# [TASK TO CARRY OUT]
Please give back the listing exactly, without any of its pictures.

# [DATA SECTION]
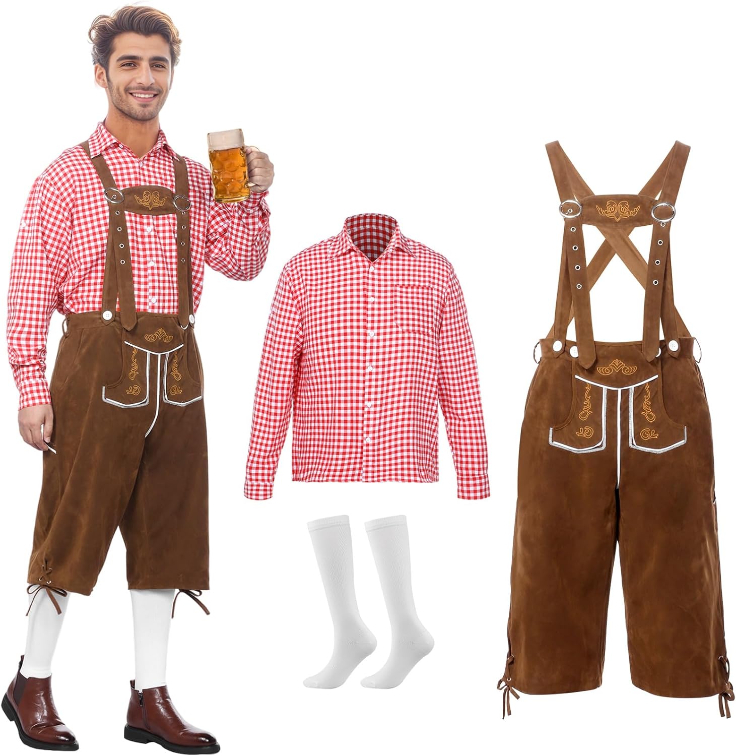 Authentic Bavarian Design: Inspired by traditional Bavarian attire, our Oktoberfest outfit features a classic plaid shirt paired and coffee-colored lederhose intricate embroidery detailing. Ideal for portraying a traditional and authentic Oktoberfest look, this men’s German Bavarian Oktoberfest costume set will make you feel like a true Bavarian at any Oktoberfest celebration.
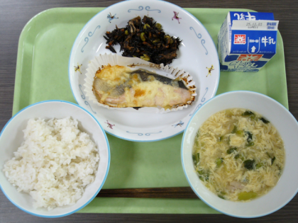 献立:麦ごはん、鮭の味噌チーズ焼き、ひじきと枝豆の炒り煮、むらくも汁、牛乳
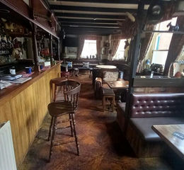 LOUNGE BAR being a period room of some character with heavily beamed ceiling, carpeted floor, fixed button vinyl upholstered wall seating, loose easy chairs and sofas, together with low table stools, currently arranged for 35 customers. Fireplace with antique brick surround and tiled hearth with cast iron solid fuel burner installed. Counter from central bar server having bevelled tongue and groove panelled frontage and canopy over. The PUBLIC BAR is a similarly appointed room with heavily beamed ceiling, fixed bench wall seating, loose sofas with easy chairs, currently arranged for 30 customers with standing space for more. The room is carpeted, has wide screen TV, dart throw and pool table. Counter from central bar servery having panelled frontage.
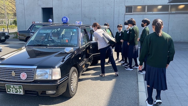午後は堺市役所へ表敬訪問。タクシーに乗って移動します。
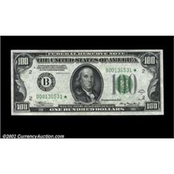 Fr. 2153-B* $100 1934A Mule Federal Reserve Note. Gem Crisp Uncirculated.A very scarce star which is
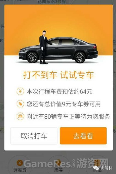 而下图是在滴滴打车 app 中,取消叫车时,也会弹出专车的广告。

# [ANSWER BOX]
 Authentic Bavarian Design: Inspired by traditional Bavarian attire, our Oktoberfest outfit features a classic plaid shirt paired and coffee-colored lederhose intricate embroidery detailing. Ideal for portraying a traditional and authentic Oktoberfest look, this men’s German Bavarian Oktoberfest costume set will make you feel like a true Bavarian at any Oktoberfest celebration.
 献立:麦ごはん、鮭の味噌チーズ焼き、ひじきと枝豆の炒り煮、むらくも汁、牛乳
 LOUNGE BAR being a period room of some character with heavily beamed ceiling, carpeted floor, fixed button vinyl upholstered wall seating, loose easy chairs and sofas, together with low table stools, currently arranged for 35 customers. Fireplace with antique brick surround and tiled hearth with cast iron solid fuel burner installed. Counter from central bar server having bevelled tongue and groove panelled frontage and canopy over. The PUBLIC BAR is a similarly appointed room with heavily beamed ceiling, fixed bench wall seating, loose sofas with easy chairs, currently arranged for 30 customers with standing space for more. The room is carpeted, has wide screen TV, dart throw and pool table. Counter from central bar servery having panelled frontage.
午後は堺市役所へ表敬訪問。タクシーに乗って移動します。
 Fr. 2153-B* $100 1934A Mule Federal Reserve Note. Gem Crisp Uncirculated.A very scarce star which is
 而下图是在滴滴打车 app 中,取消叫车时,也会弹出专车的广告。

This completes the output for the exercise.